Primary user-facing model fitting function for linear and nonlinear Fay-Herriot models. Use method to choose the mean-function model and control to pass method-specific tuning parameters.

Usage

fit_fh(
  y = NULL,
  x = NULL,
  sampling_variance = NULL,
  method = c("linear", "rnn", "bart"),
  control = list(),
  data = NULL,
  formula = NULL,
  X = NULL
)

Value

An object inheriting from nlfh_fit. The first class identifies the fitted method: nlfh_linear_fit, nlfh_rnn_fit, or nlfh_bart_fit.

Arguments

y

Numeric vector of area-level direct estimates for the matrix interface.

x, X

Numeric matrix or data frame of area-level covariates for the matrix interface. Rows must correspond to entries of y. Include an intercept column if one is desired. For method = "bart", the first column is treated as a baseline/intercept column and is excluded from the BART splitting variables and variable_importance.

sampling_variance

Numeric vector of known sampling variances for y. With the formula interface, this may also be an unquoted column name from data or a length-one character string naming a column in data.

method

Character string selecting the model. Options are "linear" for the linear Fay-Herriot model, "rnn" for the random-weight neural network Fay-Herriot model, and "bart" for the BART Fay-Herriot model.

control

Named list of control parameters. Common controls are n_iter, burn_in, progress, scale, prior_shape, and prior_rate. Linear-specific control: prior_beta_variance. RNN-specific controls: n_hidden and prior_beta_variance. BART-specific controls: n_bart_samples and n_trees.

data

Optional data frame containing variables used by formula and, optionally, sampling_variance.

formula

Optional model formula such as y ~ x1 + x2. If the first argument is a formula, it is treated as formula. For nonlinear methods, the formula specifies the predictors available to the model; it does not imply an additive linear mean structure. Nonlinearities and interactions may be learned implicitly by the selected model.

Details

Formula inputs are parsed with stats::model.frame() and stats::model.matrix(). Factors are expanded using R's standard contrast and dummy-variable rules. An intercept is included when the formula includes one, which is the default for formulas such as y ~ x1 + x2; use 0 + or - 1 in the formula to omit it. Matrix inputs are used as supplied, so include an intercept column manually if one is desired.
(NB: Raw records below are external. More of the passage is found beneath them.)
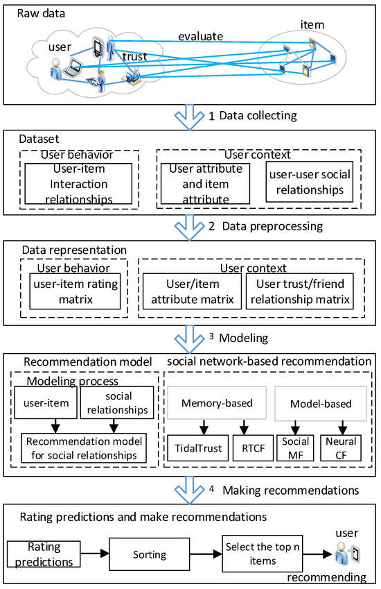In recent years, domestic and foreign researchers have conducted extensive research on RSs based on social networks and proposed many effective recommendation algorithms. Although these recommendation algorithms use different technologies, the recommendation framework models are all based on the structural characteristics of social networks, the popularity of items in social groups, and the impact of social relationship information between users on recommendation quality [6,8,23,40]. The basic framework of a social network RS is shown in Figure 2, which includes four steps [9,10,32,41]: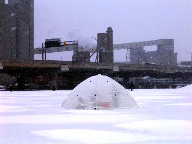 The matrix used in the fabrication of these domes is made from an inflatable vinyl structure whose frame is composed of plastic pipes pierced all around. Once this is arranged on a frozen flat surface of water and equipped with a rechargeable battery, it is connected to a blower that inflates it with air and to a "heating" pump that collects the water under the ice and circulates it into the pipes. A fog disperses and covers the surface which, upon contact with the air (-10º to -20º Celsius), is transformed into a fine film of ice in about 12 hours. Once the transparent shell stabilises, the matrix is then deflated and reused for a new dome. Each dome has a 6-metre diameter and a height of roughly two metres, and the ice layer that contains their dwelling should reach a thickness of four centimetres at its base and 6 centimetres at its peak. Born of collaboration between two artists, this collective is interested in experimental constructions adapted to daily life and uses its know-how for the conception and production of Ice Domes. While Ana Rewakowicz has experimented for several years on inflatable elements responding to imaginary needs, Steve Topping has been creating shelters and alternative spaces that he approaches as temporary and transportable residences. The ice domes are part of a contemporary artistic current preoccupied with the precariousness of the living conditions of a certain population, namely homeless people. But they also correspond with the utopia of creating nomadic and autarkical dwellings in the form of a "survival kit" adapted to our harsh climate. Source: plein-sud.org
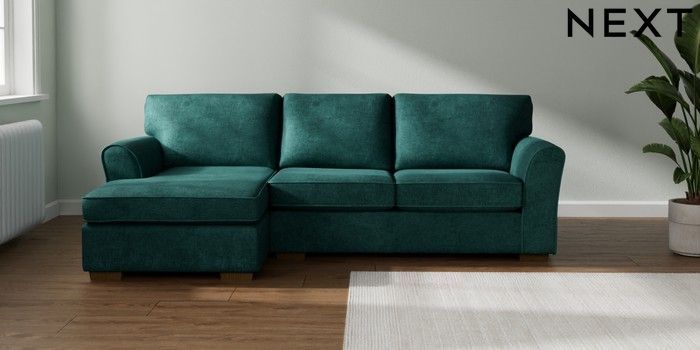 7.3.1 Buy Michigan II Medium Sofa Chaise - Left Hand Plush Chenille Dark Teal Green Slim Block - Mid from the Seasons online shop Click here to use our website with more accessibility support, for example screen readers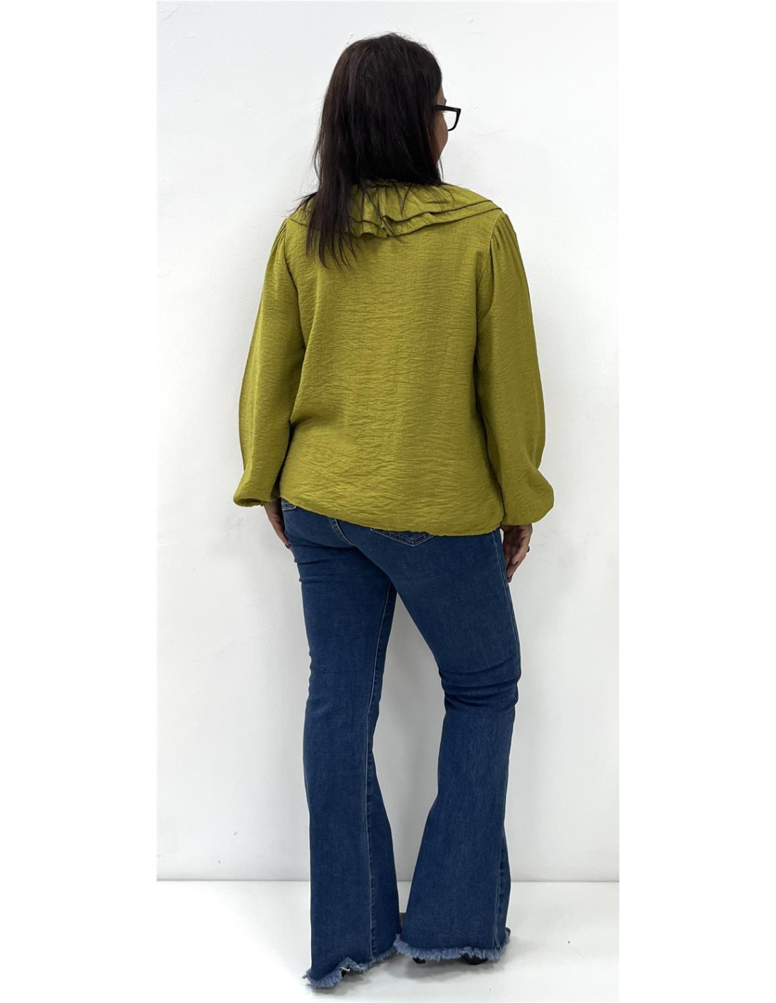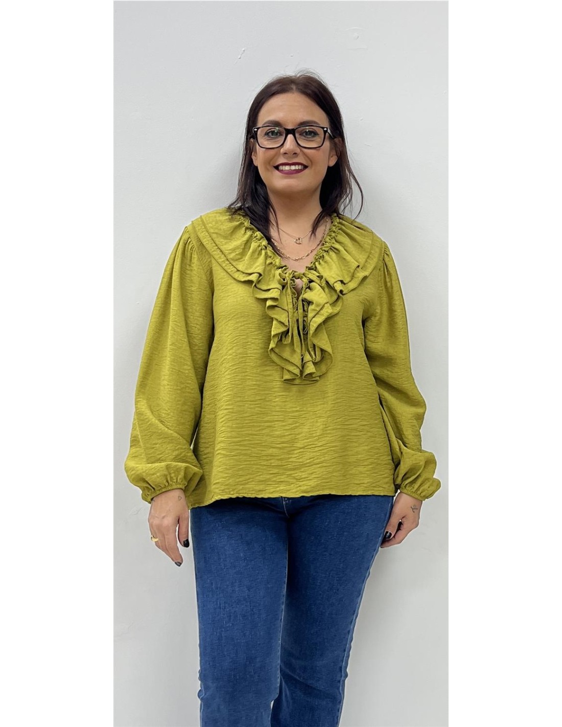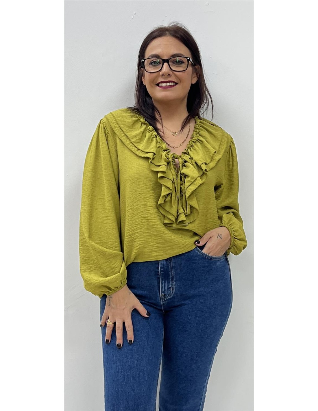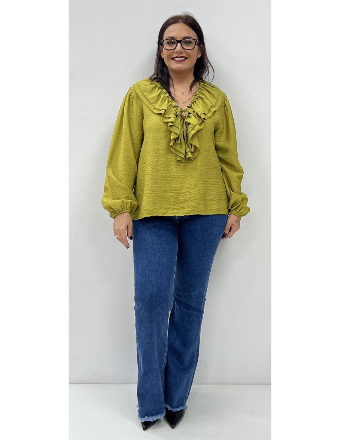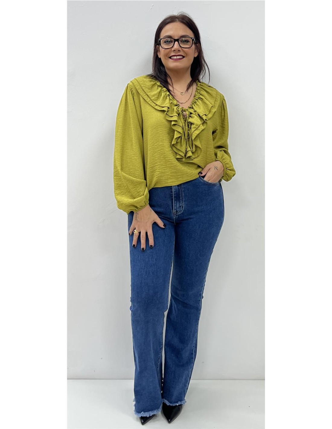 Cuerpo con volantes tipo chorreras en el cuello. Su talla puede dar desde una 36 hasta una 42. Combinado con el pantalón ZALIA y el tacón TC258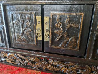 antique Chinese carved rosewood sideboard or buffet, also known as a mule chest.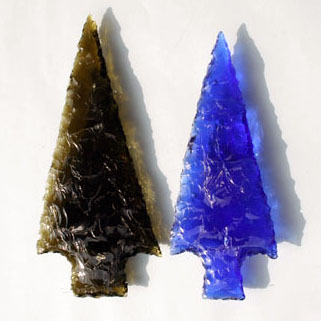 これは古代槍穂先のレプリカで、長さは10㎝と11㎝です。ただし黒曜石ではなくて、酒瓶ガラスを...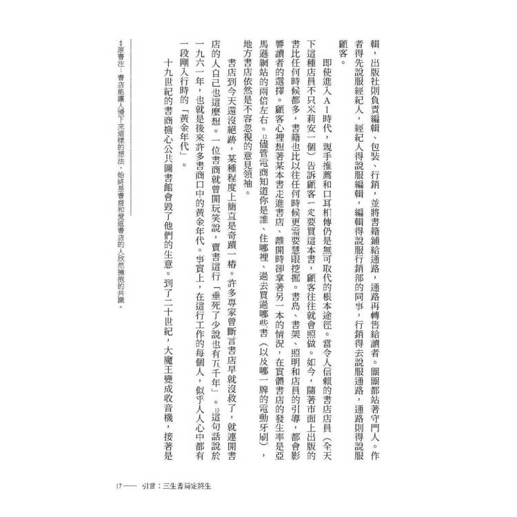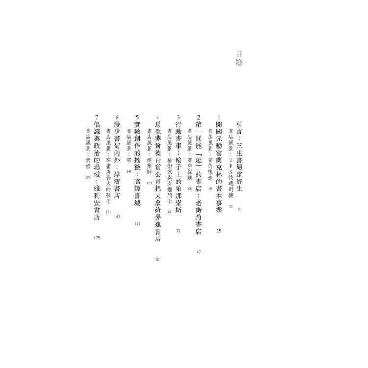「讀來宛如置身最愛的書店之中⋯⋯沿途遇見諸多奇聞趣事⋯⋯佛里斯彷彿歷史版的印象派畫家喬治‧修拉,將這些精彩細節與軼事精心拼貼,讓點滴史實匯聚成美國書店業及其式微的完整畫作。」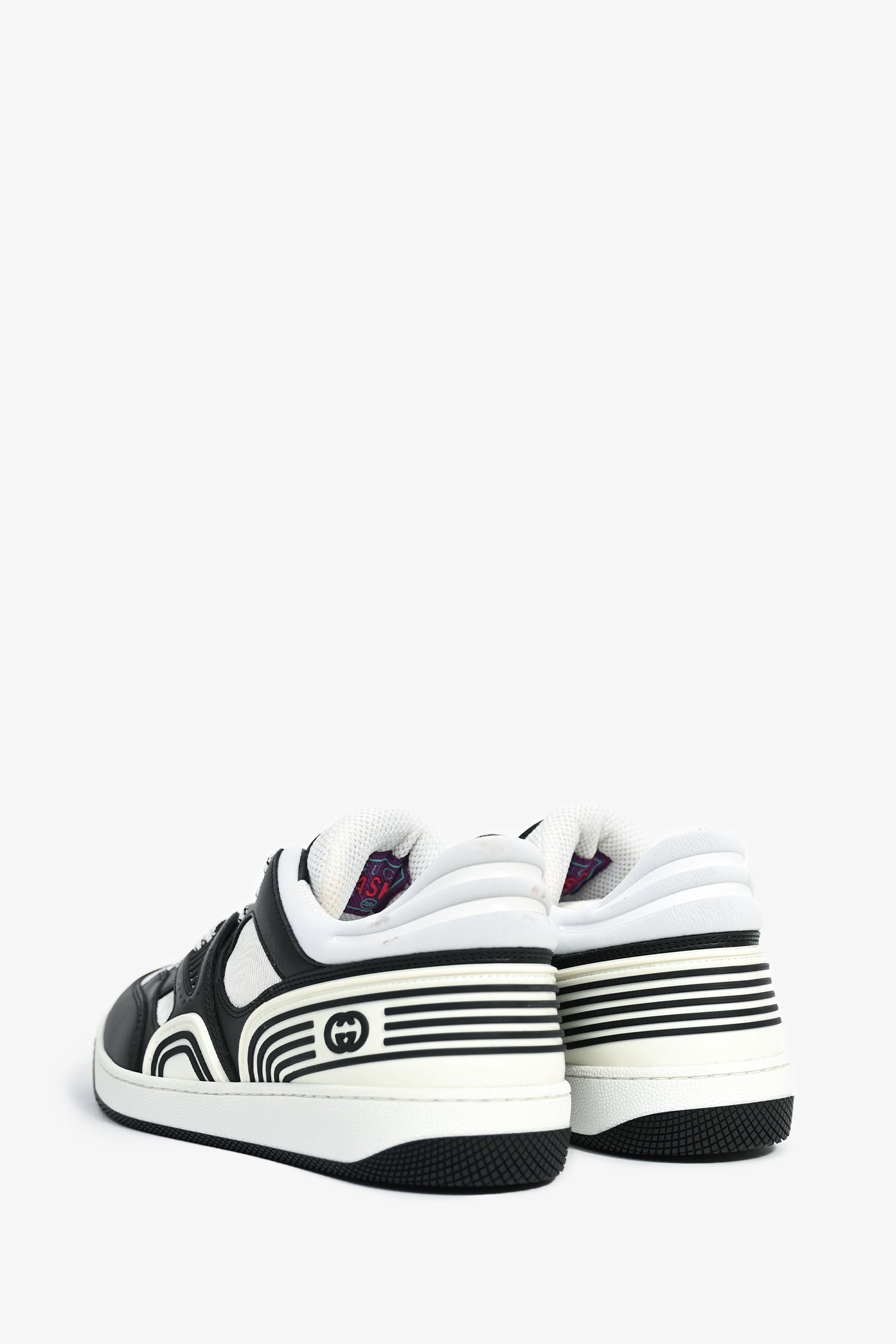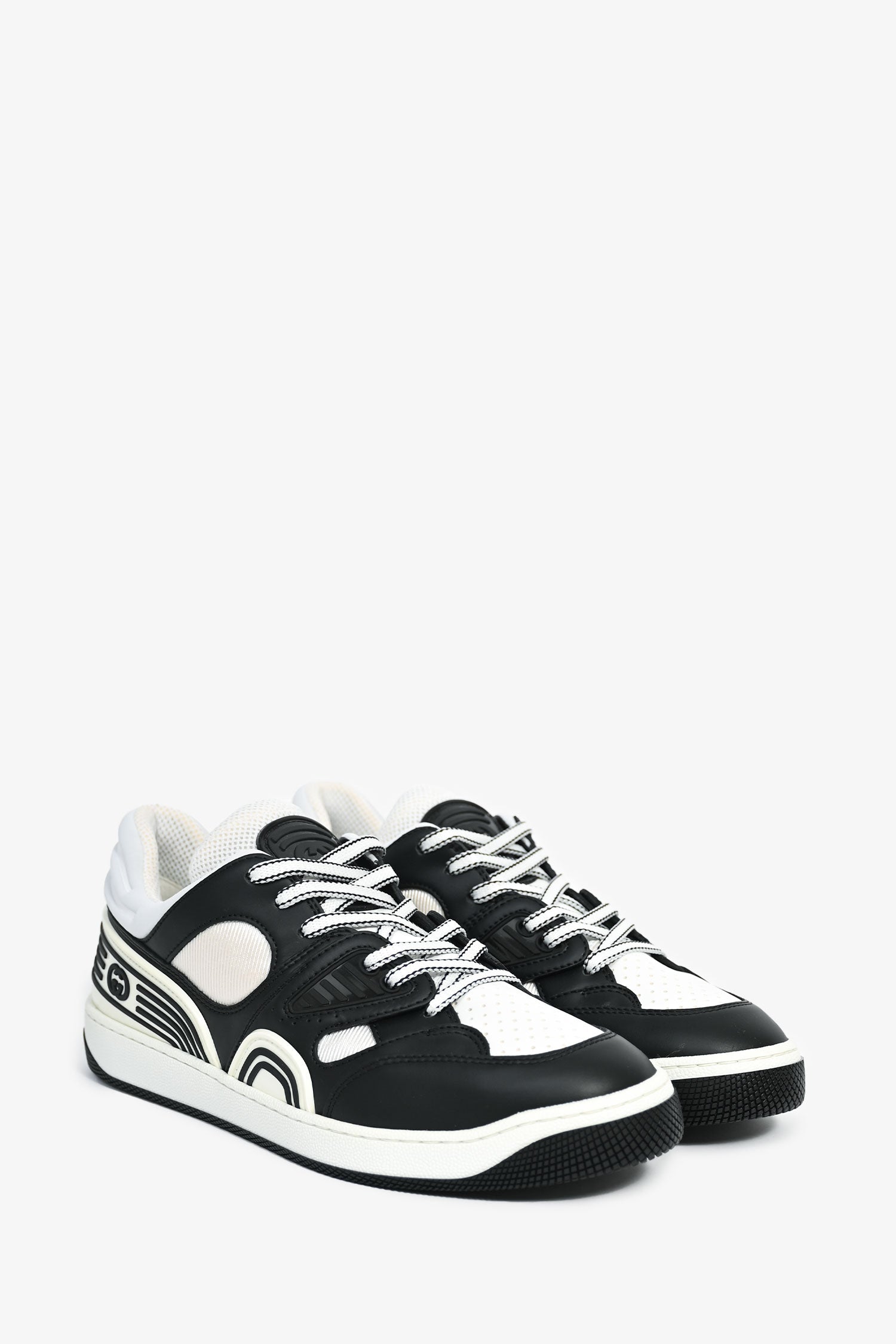 Refresh availabilityGucci Black/White Leather/Rubber 'Basket Low' Sneaker. Leather and rubber trimming. Cushioned interior. Rubber soles. Tonal stitching.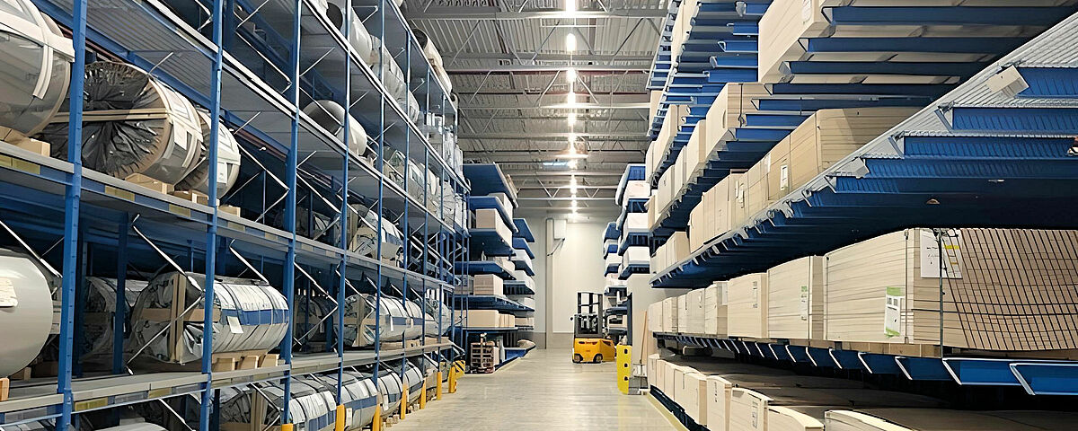 A causa degli articoli stoccati (legno, colle, plastica), il magazzino è classificato in una classe di protezione antincendio molto elevata. Di conseguenza, le scaffalature dovevano essere dotate di sistemi sprinkler. OHRA ha offerto una soluzione flessibile soprattutto per le scaffalature cantilever: sono stati praticati due fori da 80 millimetri in ciascuna delle barre dei montanti per far passare i tubi dell'impianto antincendio. Questa soluzione si è rivelata particolarmente poco ingombrante, e i cavi sono inoltre ben protetti da eventuali danni.

When scale = TRUE, non-intercept covariates are centered and scaled before fitting. The default is TRUE for method = "rnn" and FALSE for the linear and BART methods. For BART, the first baseline/intercept column is never scaled. The RNN method also standardizes the response and sampling variances internally, then transforms returned posterior quantities back to the original response scale.

For method = "rnn" and method = "bart", the formula identifies the predictors available to the nonlinear mean function. It does not impose an additive linear model. These methods estimate an unknown function f(X), and nonlinearities or interactions may be learned implicitly by the model. sampling_variance is always supplied separately from the formula. When sampling_variance names a column in data, that column is excluded from y ~ . expansion.

For method = "bart", the first column of the model matrix is treated as a baseline/intercept column. With the formula interface, this must be the default (Intercept) column; formulas that omit the intercept with 0 + or - 1 are rejected. With the matrix interface, put the baseline or intercept column first. BART variable importance is computed only for the remaining columns, so fit$variable_importance does not include the first column.

References

Parker, P. A. (2024). Nonlinear Fay-Herriot Models for Small Area Estimation Using Random Weight Neural Networks. Journal of Official Statistics, 40(2), 317-332. tools:::Rd_expr_doi("10.1177/0282423X241244671")

Parker, P. A. and Eideh, A. (2026). BART-FH: Flexible Nonlinear Modeling for Small Area Estimation. Journal of Survey Statistics and Methodology, 00, 1-18. tools:::Rd_expr_doi("10.1093/jssam/smaf050")

Examples

Run this code
data(acs_dat)
acs_small <- as.data.frame(acs_dat[1:500, ])
example_control <- list(n_iter = 50, burn_in = 25, progress = FALSE)

fit_linear <- fit_fh(
  MedInc ~ SNAPRate + PovRate + White + Black + Hispanic + Asian,
  sampling_variance = MedIncSE^2,
  data = acs_small,
  method = "linear",
  control = example_control
)

X <- model.matrix(
  MedInc ~ SNAPRate + PovRate + White + Black + Hispanic + Asian,
  data = acs_small
)
fit_matrix <- fit_fh(
  y = acs_small$MedInc,
  X = X,
  sampling_variance = acs_small$MedIncSE^2,
  method = "linear",
  control = example_control
)

fit_rnn <- fit_fh(
  MedInc ~ .,
  sampling_variance = MedIncSE^2,
  data = acs_small,
  method = "rnn",
  control = example_control
)

fit_bart <- fit_fh(
  MedInc ~ SNAPRate + PovRate + White,
  sampling_variance = MedIncSE^2,
  data = acs_small,
  method = "bart",
  control = example_control
)

# The default formula intercept is the first model-matrix column and is not
# included in BART variable importance.